Enabling enabling dialogical space

Anathematic and antithetical to dialogue is hierarchy. Dialogue itself is disabled by agendas and intentions, a form of functional hierarchy which attempts to preference This creates an apparent paradox in creating dialogue, because the intention to create dialogue disables dialogue. I believe that paradox is resolved when one is able to focus on the intention of creating a dialogical environment from which dialogue can naturally and organically emerge out of dialogic activity, not in the creation of the dialogue itself. Therefore, it becomes essential to the emergence of dialogue that one is intentional and active in developing the enabling environment and engaging in the dialogic activity of building relationships.

In other words, focus not on enabling dialogue, but on enabling the enabling dialogical space.

Intention is a mild example of hierarchy, but one that is enough to disable the emergence of dialogue if it becomes a form of bad faith.

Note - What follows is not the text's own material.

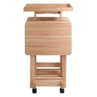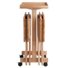 Perfect for entertaining or relaxing on the patio or in front of the TV, this set of Solid Wood Snack Tables comes with an upright stand that stores the folded tables securely and discretely when not in use. A removable wood serving tray that sits atop the stand provides extra table top space when needed. The stand rolls easily on casters, two of which lock to keep the unit stable. And with each of the 4 tables opening to a generous 19"W x 14.5"D, there is plenty of room for a meal, snacks and drinks. Made of Solid Wood in a Natural finish. Sold as 1 Each. 4 Solid Wood Folding Tables. Made of Solid Wood. Upright storage stand. Stand dimensions: 12"W x 15.9"D x 35"H. Removable Serving Tray 19.7"W x 14.9"D. Tables come fully assembled. Stand rolls on casters, two of which are locking. Parts replacement within 30 days.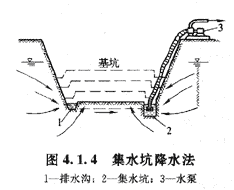 明排水法是在基坑開挖過程中,在坑底設置集水坑,并沿坑底周圍或中央開挖排水溝,使水流人集水坑,然后用水泵抽走(圖4.1.4)抽出的水應予引開,以防倒流。

Even the best of intentions can become impositions on others, a kind of social engineering that meddles in the lives of others. If one enters an enabling dialogical space with an intention to dialogue then one can obviate a shared development of relationship with the other participants by prejudicing that environment with preconceived, unilateral notions of relationship. One’s intention to dialogue becomes a barrier to seeing the other participants as equals in the process of what emerges. In this sense, hierarchy and intention to an outcome are examples of a lack of good faith. It is in the intention to create an enabling space with those willing to enter into it together that one finds an opportunity from which dialogue may emerge without imposition.